AIM OF THE TASK → Write out again the lines from the line with "Via een eveneens" up to and including the line with "La Collana Zamenis", exactly as they stand below, and skip any picture.

*** DATA RECORDS ***

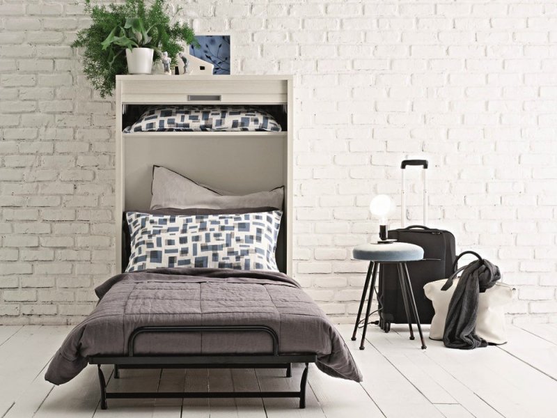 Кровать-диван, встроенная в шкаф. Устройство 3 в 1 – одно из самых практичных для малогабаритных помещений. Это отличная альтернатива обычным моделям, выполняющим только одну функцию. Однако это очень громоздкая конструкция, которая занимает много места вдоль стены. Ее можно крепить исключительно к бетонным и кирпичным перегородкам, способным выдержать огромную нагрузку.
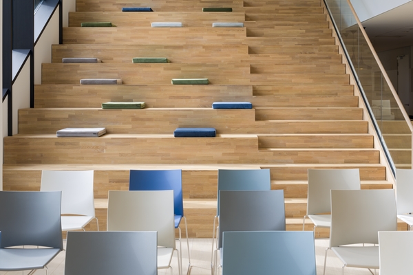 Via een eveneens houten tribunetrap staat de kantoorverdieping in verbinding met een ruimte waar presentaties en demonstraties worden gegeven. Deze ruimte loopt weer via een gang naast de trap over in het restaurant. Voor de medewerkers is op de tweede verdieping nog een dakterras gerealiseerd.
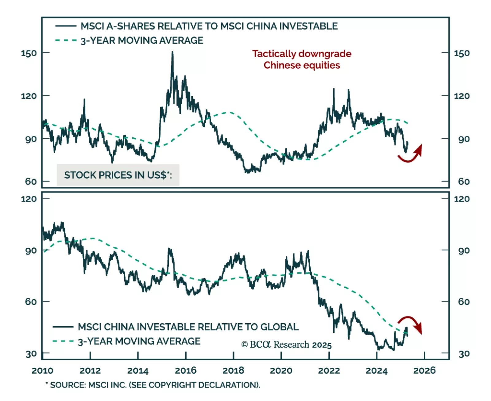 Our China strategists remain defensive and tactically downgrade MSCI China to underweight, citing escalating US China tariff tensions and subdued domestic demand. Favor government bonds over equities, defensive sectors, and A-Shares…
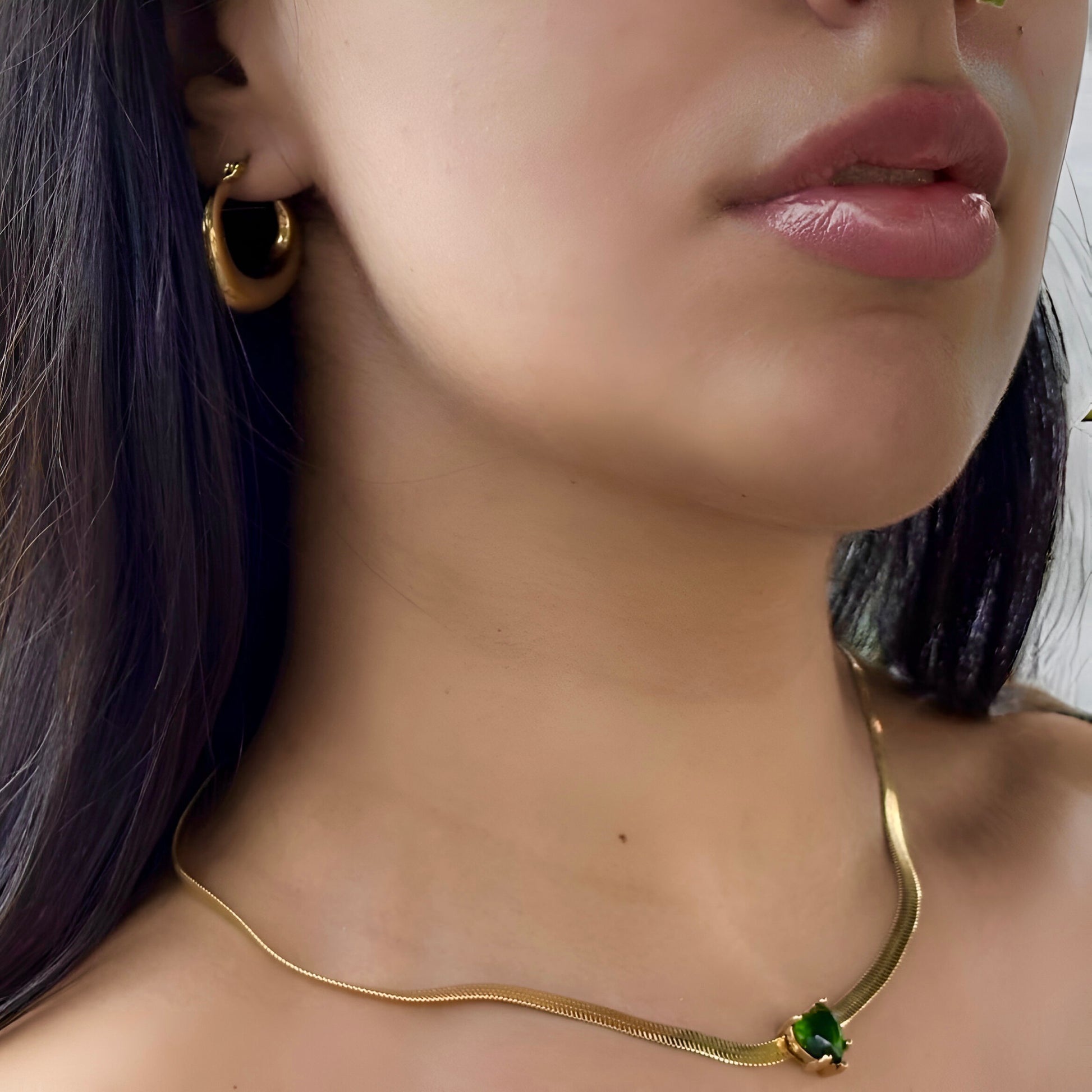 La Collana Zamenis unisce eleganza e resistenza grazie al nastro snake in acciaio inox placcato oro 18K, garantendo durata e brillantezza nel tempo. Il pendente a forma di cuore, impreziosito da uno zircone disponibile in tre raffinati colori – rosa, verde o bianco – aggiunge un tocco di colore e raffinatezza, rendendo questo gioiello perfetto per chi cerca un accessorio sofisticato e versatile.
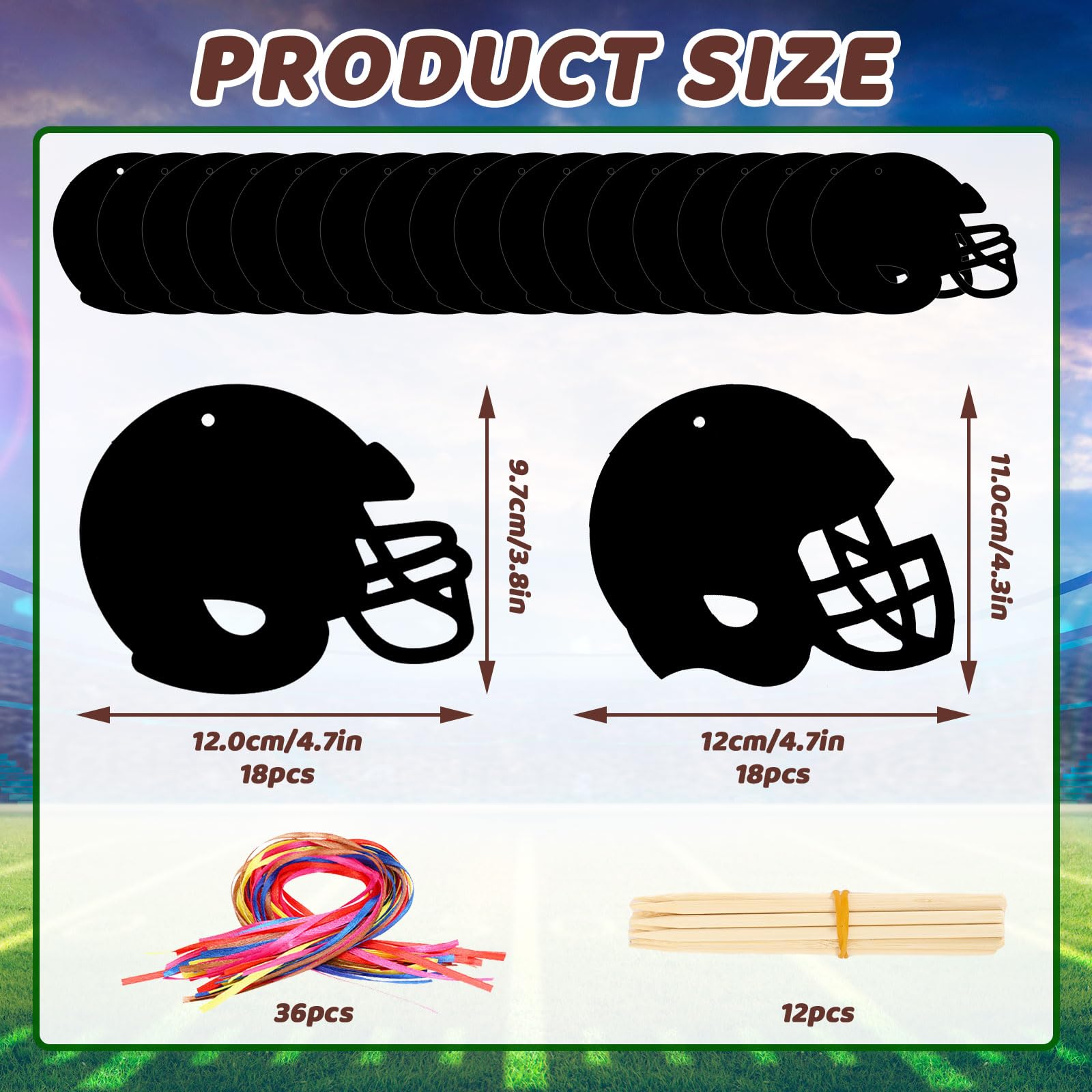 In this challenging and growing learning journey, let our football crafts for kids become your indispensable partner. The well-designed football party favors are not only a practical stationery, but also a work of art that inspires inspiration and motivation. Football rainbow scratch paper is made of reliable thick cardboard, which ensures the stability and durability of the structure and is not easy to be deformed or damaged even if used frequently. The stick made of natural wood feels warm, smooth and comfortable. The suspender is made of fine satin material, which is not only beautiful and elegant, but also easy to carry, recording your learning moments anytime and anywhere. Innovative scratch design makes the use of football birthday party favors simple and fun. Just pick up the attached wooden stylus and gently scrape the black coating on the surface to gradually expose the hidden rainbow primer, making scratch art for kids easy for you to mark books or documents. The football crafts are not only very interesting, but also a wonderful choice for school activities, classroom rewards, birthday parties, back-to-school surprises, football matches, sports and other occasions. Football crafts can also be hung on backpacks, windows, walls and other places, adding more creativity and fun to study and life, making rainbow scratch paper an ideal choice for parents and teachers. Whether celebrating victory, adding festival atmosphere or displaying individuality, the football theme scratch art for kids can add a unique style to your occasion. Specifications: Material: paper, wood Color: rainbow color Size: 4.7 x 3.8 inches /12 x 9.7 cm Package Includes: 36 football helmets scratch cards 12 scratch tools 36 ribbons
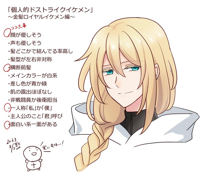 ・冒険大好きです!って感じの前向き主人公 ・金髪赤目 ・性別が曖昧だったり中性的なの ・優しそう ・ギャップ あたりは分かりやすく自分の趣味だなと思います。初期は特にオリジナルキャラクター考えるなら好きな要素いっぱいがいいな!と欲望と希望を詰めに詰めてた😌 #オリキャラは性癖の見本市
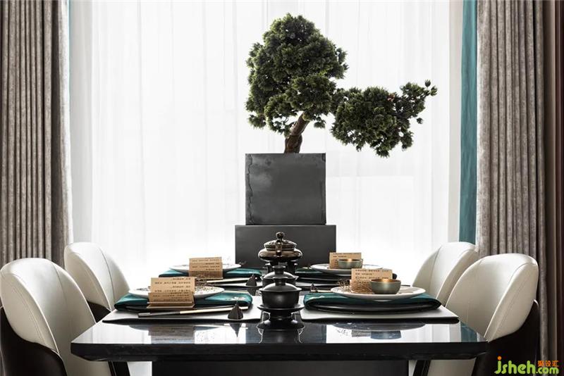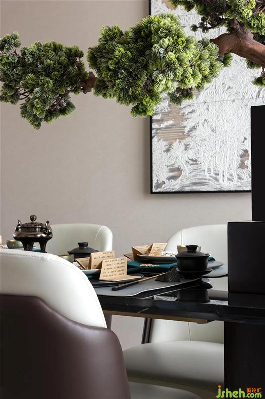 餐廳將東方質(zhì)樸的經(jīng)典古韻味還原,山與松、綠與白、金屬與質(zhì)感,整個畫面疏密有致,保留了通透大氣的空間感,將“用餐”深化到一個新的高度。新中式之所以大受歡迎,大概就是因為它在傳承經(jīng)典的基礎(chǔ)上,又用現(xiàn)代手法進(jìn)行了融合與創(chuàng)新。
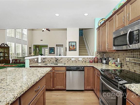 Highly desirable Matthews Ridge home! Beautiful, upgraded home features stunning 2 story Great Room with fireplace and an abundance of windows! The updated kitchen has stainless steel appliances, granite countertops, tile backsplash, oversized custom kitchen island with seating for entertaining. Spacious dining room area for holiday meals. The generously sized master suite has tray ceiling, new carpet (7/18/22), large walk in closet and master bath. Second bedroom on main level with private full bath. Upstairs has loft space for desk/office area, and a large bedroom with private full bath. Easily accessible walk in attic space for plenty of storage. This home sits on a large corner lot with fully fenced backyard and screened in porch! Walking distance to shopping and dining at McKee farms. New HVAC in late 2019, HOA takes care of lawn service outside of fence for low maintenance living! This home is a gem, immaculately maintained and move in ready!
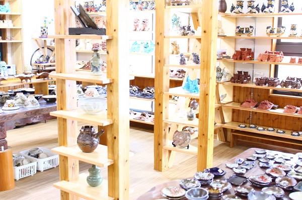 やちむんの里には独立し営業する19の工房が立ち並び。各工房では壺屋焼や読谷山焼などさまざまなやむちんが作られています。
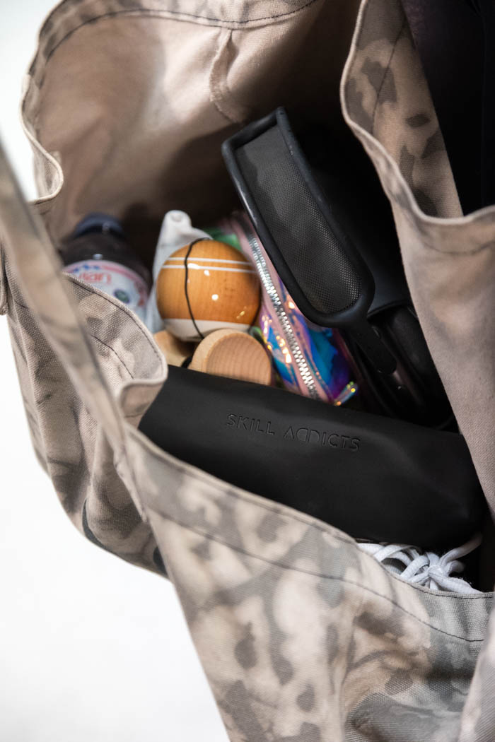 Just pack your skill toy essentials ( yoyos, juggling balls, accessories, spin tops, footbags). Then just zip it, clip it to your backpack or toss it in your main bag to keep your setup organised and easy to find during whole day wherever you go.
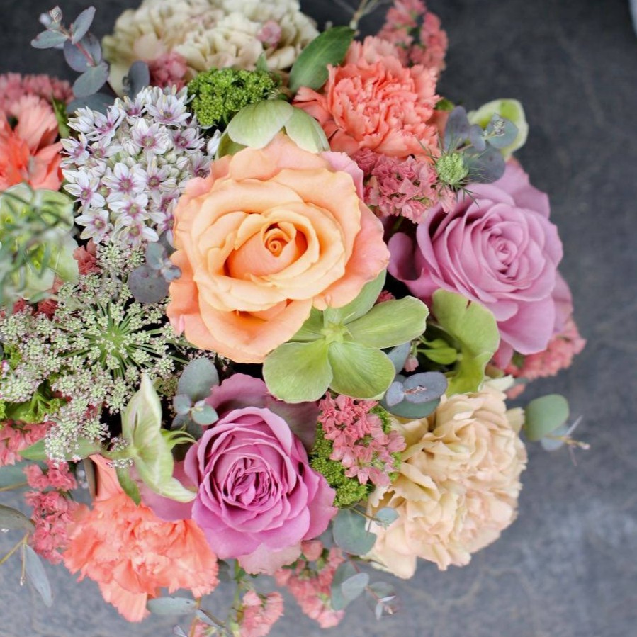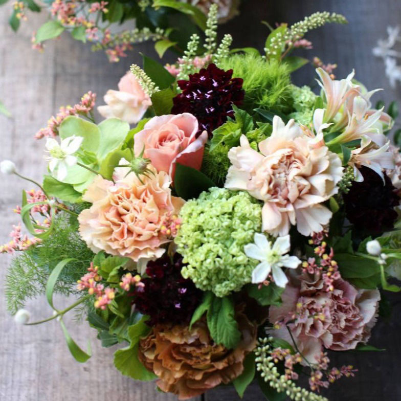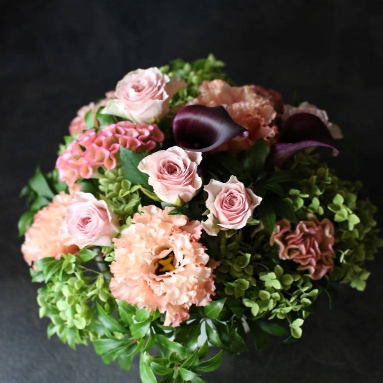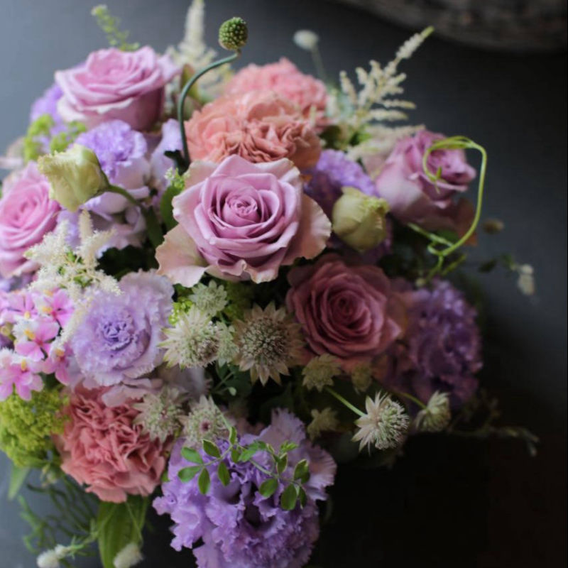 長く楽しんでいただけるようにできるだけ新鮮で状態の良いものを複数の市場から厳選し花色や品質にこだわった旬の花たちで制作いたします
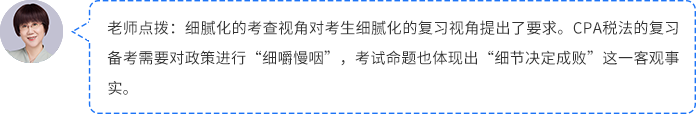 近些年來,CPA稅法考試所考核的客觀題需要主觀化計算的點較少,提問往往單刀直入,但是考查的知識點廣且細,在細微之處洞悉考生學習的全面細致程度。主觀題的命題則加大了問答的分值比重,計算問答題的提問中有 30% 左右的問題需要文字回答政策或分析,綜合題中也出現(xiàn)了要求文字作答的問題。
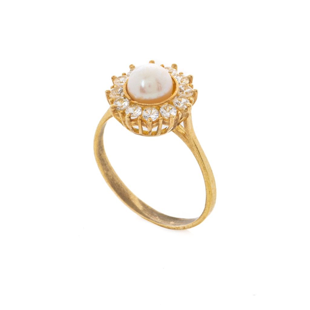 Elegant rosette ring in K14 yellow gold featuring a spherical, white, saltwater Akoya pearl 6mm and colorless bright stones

*** End of DATA RECORDS ***

TASK SOLUTION →
 Via een eveneens houten tribunetrap staat de kantoorverdieping in verbinding met een ruimte waar presentaties en demonstraties worden gegeven. Deze ruimte loopt weer via een gang naast de trap over in het restaurant. Voor de medewerkers is op de tweede verdieping nog een dakterras gerealiseerd.
 Our China strategists remain defensive and tactically downgrade MSCI China to underweight, citing escalating US China tariff tensions and subdued domestic demand. Favor government bonds over equities, defensive sectors, and A-Shares…
 La Collana Zamenis unisce eleganza e resistenza grazie al nastro snake in acciaio inox placcato oro 18K, garantendo durata e brillantezza nel tempo. Il pendente a forma di cuore, impreziosito da uno zircone disponibile in tre raffinati colori – rosa, verde o bianco – aggiunge un tocco di colore e raffinatezza, rendendo questo gioiello perfetto per chi cerca un accessorio sofisticato e versatile.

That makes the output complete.